GPS_Regressor Tool (continuous treatments, continuous outcomes)

In this example, we use this package’s GPS_Regressor tool to estimate the marginal causal curve of some continuous treatment on a continuous outcome, accounting for some mild confounding effects. To put this differently, the result of this will be an estimate of the average of each individual’s dose-response to the treatment. To do this we calculate generalized propensity scores (GPS) to correct the treatment prediction of the outcome.

Compared with the package’s TMLE method, the GPS methods are more computationally efficient, better suited for large datasets, but produces wider confidence intervals.

In this example we use simulated data originally developed by Hirano and Imbens but adapted by others (see references). The advantage of this simulated data is it allows us to compare the estimate we produce against the true, analytically-derived causal curve.

Let \(t_i\) be the treatment for the i-th unit, let \(x_1\) and \(x_2\) be the confounding covariates, and let \(y_i\) be the outcome measure. We assume that the covariates and treatment are exponentially-distributed, and the treatment variable is associated with the covariates in the following way:

>>> import numpy as np
>>> import pandas as pd
>>> from scipy.stats import expon
>>> np.random.seed(333)
>>> n = 5000
>>> x_1 = expon.rvs(size=n, scale = 1)
>>> x_2 = expon.rvs(size=n, scale = 1)
>>> treatment = expon.rvs(size=n, scale = (1/(x_1 + x_2)))

The GPS is given by

\[f(t, x_1, x_2) = (x_1 + x_2) * e^{-(x_1 + x_2) * t}\]

If we generate the outcome variable by summing the treatment and GPS, the true causal curve is derived analytically to be:

\[f(t) = t + \frac{2}{(1 + t)^3}\]

The following code completes the data generation:

>>> gps = ((x_1 + x_2) * np.exp(-(x_1 + x_2) * treatment))
>>> outcome = treatment + gps + np.random.normal(size = n, scale = 1)
>>> truth_func = lambda treatment: (treatment + (2/(1 + treatment)**3))
>>> vfunc = np.vectorize(truth_func)
>>> true_outcome = vfunc(treatment)
>>> df = pd.DataFrame(
>>>     {
>>>         'X_1': x_1,
>>>         'X_2': x_2,
>>>         'Treatment': treatment,
>>>         'GPS': gps,
>>>         'Outcome': outcome,
>>>         'True_outcome': true_outcome
>>>     }
>>> ).sort_values('Treatment', ascending = True)

With this dataframe, we can now calculate the GPS to estimate the causal relationship between treatment and outcome. Let’s use the default settings of the GPS_Regressor tool:

>>> from causal_curve import GPS_Regressor
>>> gps = GPS_Regressor()
>>> gps.fit(T = df['Treatment'], X = df[['X_1', 'X_2']], y = df['Outcome'])
>>> gps_results = gps.calculate_CDRC(0.95)

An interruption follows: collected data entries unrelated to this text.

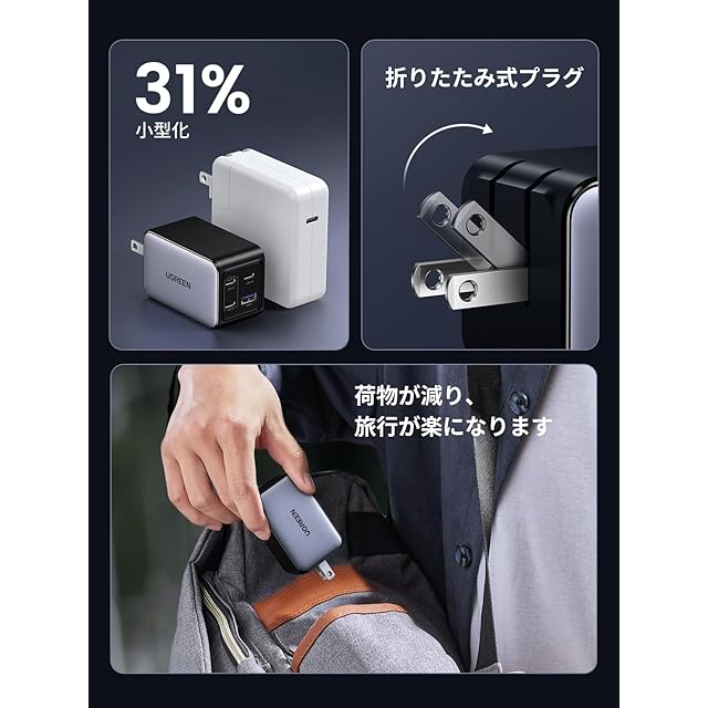 UGREEN Nexode 65W 急速 充電器【4ポート】USB-C×3+USB-A×1 タイプC PD3.0 GaNII 充電器 iPhone 16/ Android/Galaxy/Macbook/iPad/PC/その他USB-C機器対応 PSE(ブラック) | TREND DESIGN 家電専門店
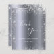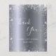 Ett tack för en 50-årsdag (eller vilken ålder som helst). En faux silver metallisk tittar bakgrund färg. Med faux glitter stoft. På framsidan, ett skript med stora bokstäver och texten: Tack, text, titel och datum. Tillbaka: Anpassa och lägg till tackkort och namn.
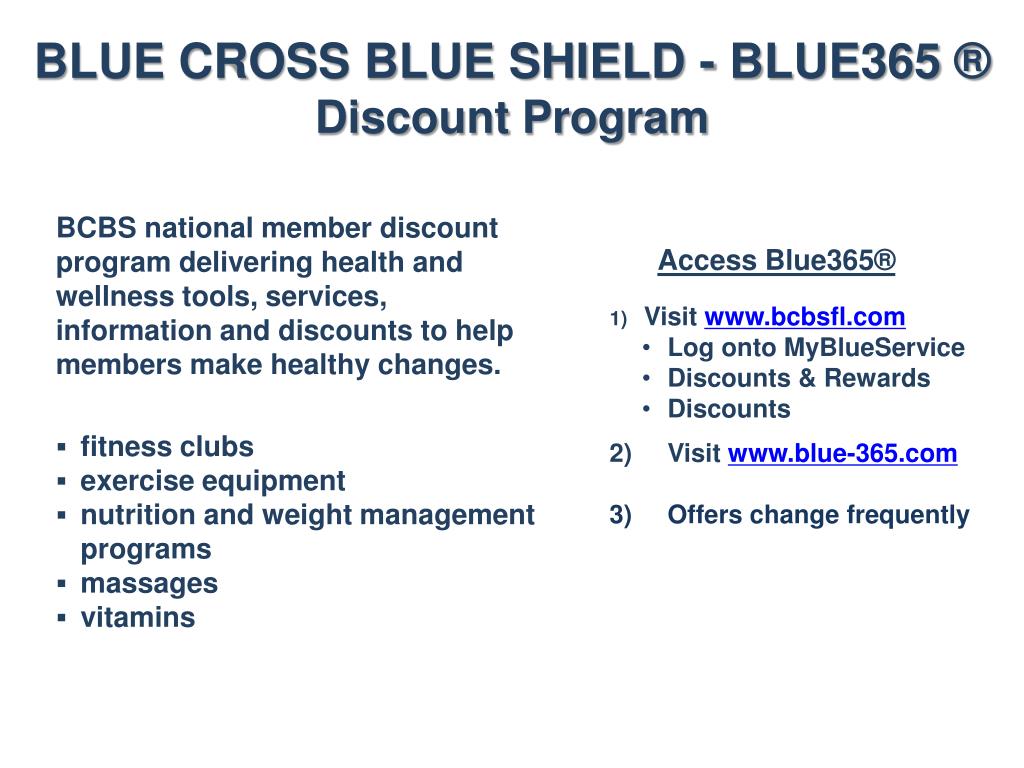 BLUE CROSS BLUE SHIELD - BLUE365 ® Discount Program • BCBS national member discount program delivering health and wellness tools, services, information and discounts to help members make healthy changes. • fitness clubs • exercise equipment • nutrition and weight management programs • massages • vitamins • Access Blue365® • 1) Visit www.bcbsfl.com • Log onto MyBlueService • Discounts & Rewards • Discounts • Visit www.blue-365.com • Offers change frequently

You now have everything to produce the following plot with matplotlib. In this example with only mild confounding, the GPS-calculated estimate of the true causal curve produces has approximately half the error of a simple LOESS estimate using only the treatment and the outcome.

_images/CDRC.png

The GPS_Regressor tool also allows you to estimate a specific set of points along the causal curve. Use the predict and predict_interval methods to produce a point estimate and prediction interval, respectively.

References

Galagate, D. Causal Inference with a Continuous Treatment and Outcome: Alternative Estimators for Parametric Dose-Response function with Applications. PhD thesis, 2016.

Moodie E and Stephens DA. Estimation of dose–response functions for longitudinal data using the generalised propensity score. In: Statistical Methods in Medical Research 21(2), 2010, pp.149–166.

Hirano K and Imbens GW. The propensity score with continuous treatments. In: Gelman A and Meng XL (eds) Applied bayesian modeling and causal inference from incomplete-data perspectives. Oxford, UK: Wiley, 2004, pp.73–84.